In September 2024, she testified before the United States Senate Committee on Foreign Relations during a hearing on laws restricting NGOs. Through her international advocacy, she remains a prominent voice for Georgia’s democratic future.

== Memberships and advisory roles ==
Gigauri has held numerous elected or appointed roles in national and international structures, including:
- Member, Board of Directors, Transparency International (two terms)
- Member, Steering Committee, Open Government Partnership (from 2022)
- Board member, Coalition for Independent and Transparent Judiciary
- Board member, Coalition for Euro-Atlantic Georgia
- Member, Presidential Pardon Commission of Georgia
- Ex officio Board Member, ICC Georgia (International Chamber of Commerce – Georgia)

== See also ==
- Transparency International
- Human rights in Georgia
- Corruption in Georgia
- Media freedom in Georgia
- 2024–2025 Georgian protests

==Education==

Gigauri graduated from Tbilisi State University in Tbilisi, Georgia in 1999 with a degree in International Relations. She continued her studies at the Caucasus School of Business, where she obtained her master's degree in Business Administration in 2001. In 2010 Gigauri completed her second Masters and received LLM from VU University Amsterdam in the Netherlands.
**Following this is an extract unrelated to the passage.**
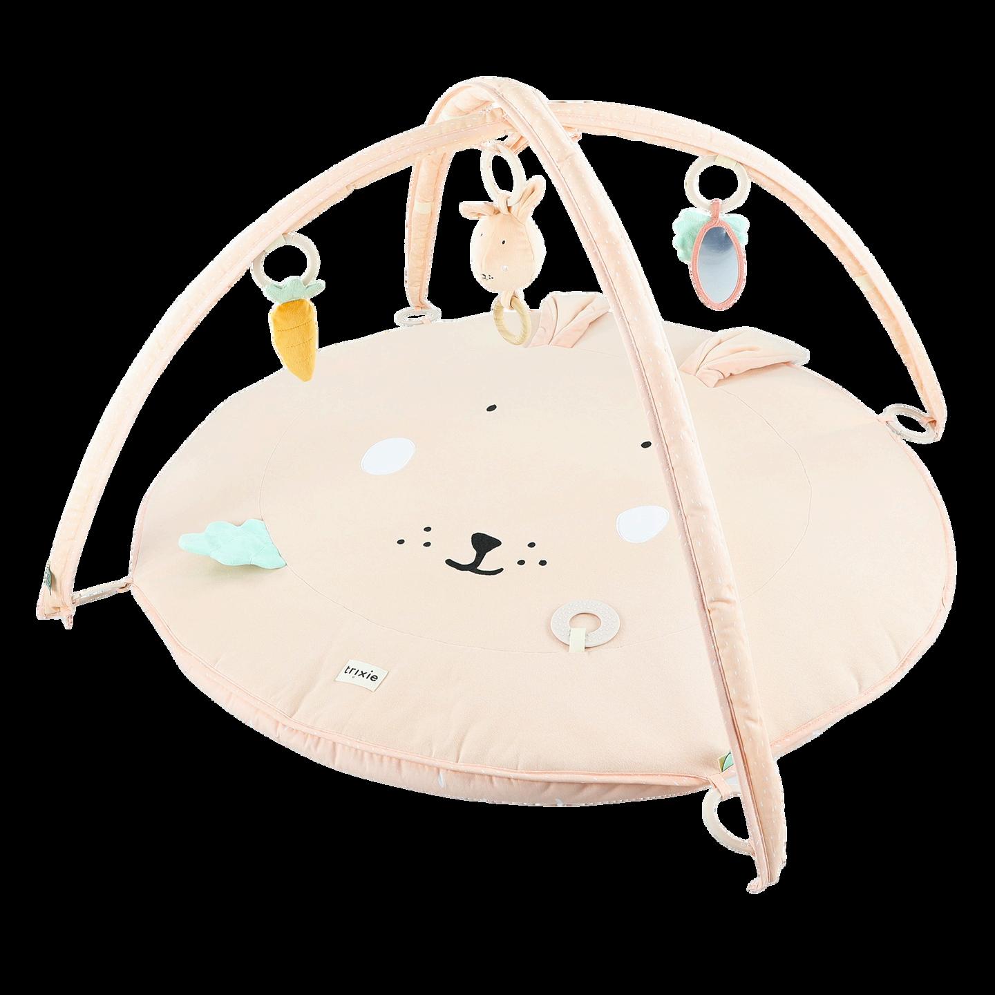 KOEKA Links Boven omslagdoek KOEKA Rechts Boven Parklegger 75x100cm I QUAX Links Midden Park Cubic I LITTLE DUTCH Rechts Midden Muziekmobiel I KOEKA Links Onder Omrander bed of park I LORENA CANALS Rechts Onder Tapijt

In addition to degree programs in 2007 she attended the Senior Executive Seminar Course at George C. Marshall European Center for Security Studies.

In 2017 Eka Gigauri became the fellow of Stanford University CDDRL (Center on Democracy, Development and the Rule of law) "Draper Hills Fellows Program on Democracy and Development".

==Career==

===Early career===

Gigauri started her career in 1996 as an intern in the Parliament of Georgia and Georgian Public Broadcaster. She continued her early work with the Georgian government as an Officer in the International Relations Office in the Ministry of Transport of Georgia (Civil Aviation Department) during 1998 and 1999. She then worked in the Department of International Organizations, UN Office, at the Ministry of Foreign Affairs of Georgia.
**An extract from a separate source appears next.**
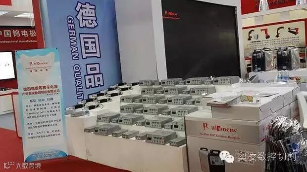 陈列架展示着德国锐盾品牌的等离子电源、弧压调高器、电容调高器等产品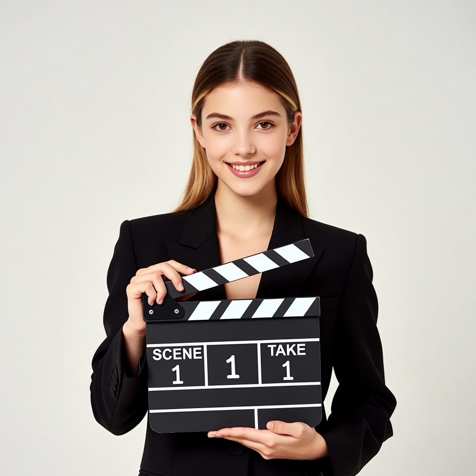 A young woman with long straight hair and a bright smile holds a black clapperboard marked 'Scene 1 Take 1' in front of her chest. She wears a formal black suit jacket and stands against a plain white background. Her expression is cheerful and professional.

===Public Relations and Marketing===

Gigauri started working in PR and marketing in 2002, when she joined the Institute of Polling and Marketing as a Public Relations Consultant. Later, in 2003 she was hired by Marriott International as a Public Affairs Coordinator in Tbilisi.

===Border Security===

In 2004, Gigauri joined the public service and became the Head of Border Policy Provision Department in the Border Police of Georgia. She was promoted in 2005 to Deputy Head of the Border Police. She oversaw modernization of the force and cleaned up corruption. She also participated in negotiations with the EU on European Neighborhood Policy Action Plan (ENP AP). Gigauri worked on a long-term development strategy for the Georgian Border Police, as well as the enactment of the Integrated Border Management Strategy and the State Law on Border Police of Georgia.

In the following years, Gigauri worked as an expert at Caucasus Interconnect in the Hague, Netherlands. She provided recommendations in the field of security, including border security and migration in South Caucasian countries.

===Transparency International Georgia===

Since November 2010, Gigauri has been serving as the executive director at Transparency International Georgia (TI Georgia).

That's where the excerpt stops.